Overview
Bayesian Rips Active Learning (BRAL) is a framework that integrates topological data analysis with active learning strategies to discover rare lineages in high-dimensional biological datasets.
Motivation
Traditional active learning methods rely on geometric or density-based heuristics that struggle with manifold-structured data. BRAL leverages persistent homology from the Rips complex to identify topologically significant regions where rare lineages are likely to reside.
Method
Rips Complex Construction
We construct a Vietoris-Rips complex from the current labeled set, computing persistent homology to identify topological features (connected components, loops, voids) that persist across multiple scales.

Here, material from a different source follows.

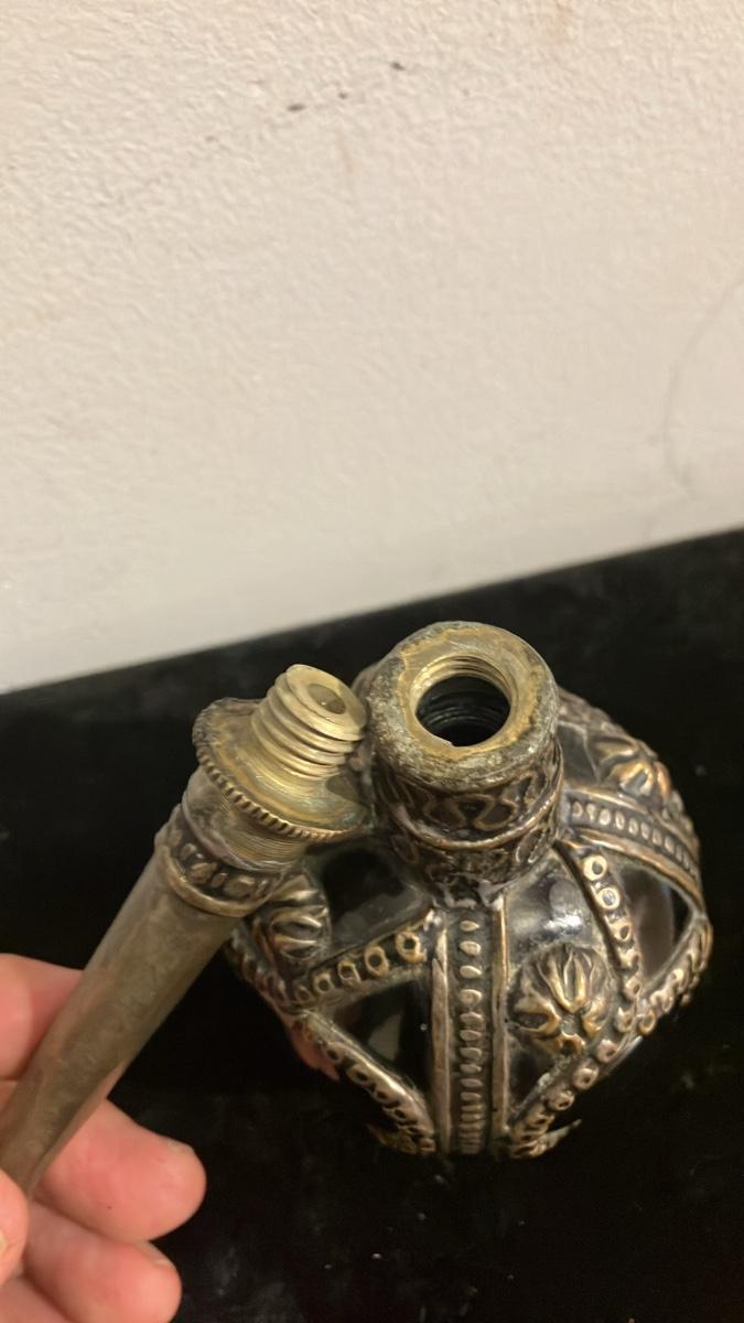 Crowning this beauty is a highly detailed screw-on brass (or silver-alloy plated) cap, intricately embossed with a regal crown motif, swirling filigree vines, and floral accents that evoke the romantic flourish of the era. The cap unscrews smoothly for easy refilling, revealing the original interior design ready for your favorite modern fragrance or as a decorative empty. No chips, cracks, or losses; the brass bears a soft, authentic patina that speaks to its age without detracting from its charm.

Bayesian Acquisition Function
The acquisition function combines:
- Topological uncertainty: regions where the Rips complex exhibits unstable homological features
- Posterior predictive variance: standard Bayesian uncertainty from the classification model
- Diversity score: ensures spatial coverage across the manifold
Active Learning Loop
At each iteration:
- Compute the Rips complex on labeled data
- Extract persistent homology features
- Score unlabeled points using the topology-aware acquisition function
- Query the oracle for labels on the top-k candidates
- Update the model and repeat
Results
BRAL demonstrates improved discovery rates for rare lineages compared to standard active learning baselines, particularly in settings where the rare class occupies a topologically distinct region of the data manifold.